Elle prit une chambre dans une pension de famille et cessa de voir ses amis. Elle avait une certaine indépendance de caractère et disait qu’elle ne voulait pas de la pitié des autres. Seule sa sœur venait de temps en temps la voir ; lorsque la grossesse devint apparente, elle partit pour l’Espagne afin d’y faire ses couches dans le secret.

Je la revis un an après avec son enfant. Elle me demanda d’être témoin à la mairie pour la reconnaissance. Il y avait des formalités compliquées, car l’enfant était né à l’étranger. Elle l’avait appelé Fidélio, et comme l’employé de mairie trouvait le nom difficile, elle lui donna deux francs qu’il accepta.
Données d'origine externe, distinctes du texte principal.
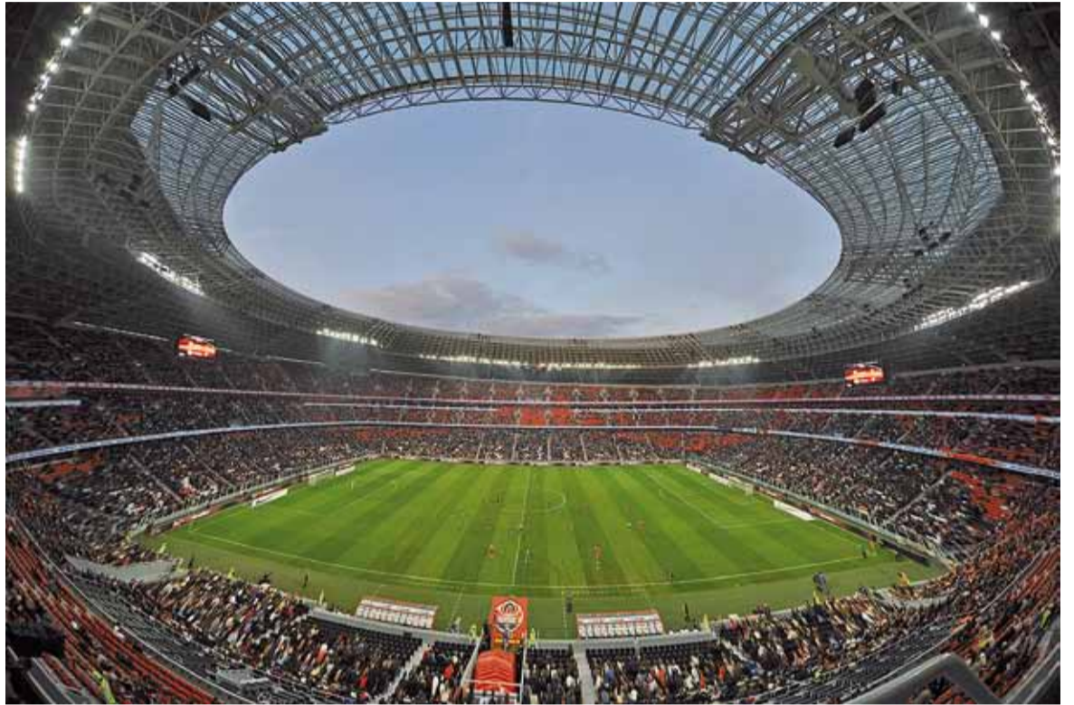
«Данбас-Арэну» ўзвялі яшчэ да пачатку «Еўра».

Дзюсельдорфскае архітэктурнае бюро Rhode-Kellermann-Wawrowsky прапанавала ў якасці асноўнай мастацкай

Ce fut ma première désillusion à l’endroit de l’incorruptibilité des fonctionnaires.

La colère de la mère était tombée ; elle permit d’abord quelques visites en cachette. Dans la suite les choses allèrent mieux encore ; la coupable se réinstalla dans l’appartement de Passy avec son enfant ; je perdis de vue la famille.

Quel ne fut pas mon étonnement de voir dernièrement venir à moi, dans un groupement bolchevik un jeune homme qui se nomma : c’était Fidélio.

Sa mère était morte et sa tante s’était suicidée de désespoir. Seule avait survécu la grand’mère âgée de plus de quatre-vingts ans.

Ah ! non, il ne la voyait pas sa grand’mère, cette sale petite bourgeoise qui l’avait humilié et fait souffrir durant son enfance. Il la détestait de toute sa puissance de haine, mais plus qu’elle encore, il haïssait la société présente, pleine de préjugés, qui faisait souffrir les enfants de la prétendue faute de leur mère. Et mes yeux s’arrêtaient à sa cravate où brillaient la faucille et le marteau : l’enseigne des soviets.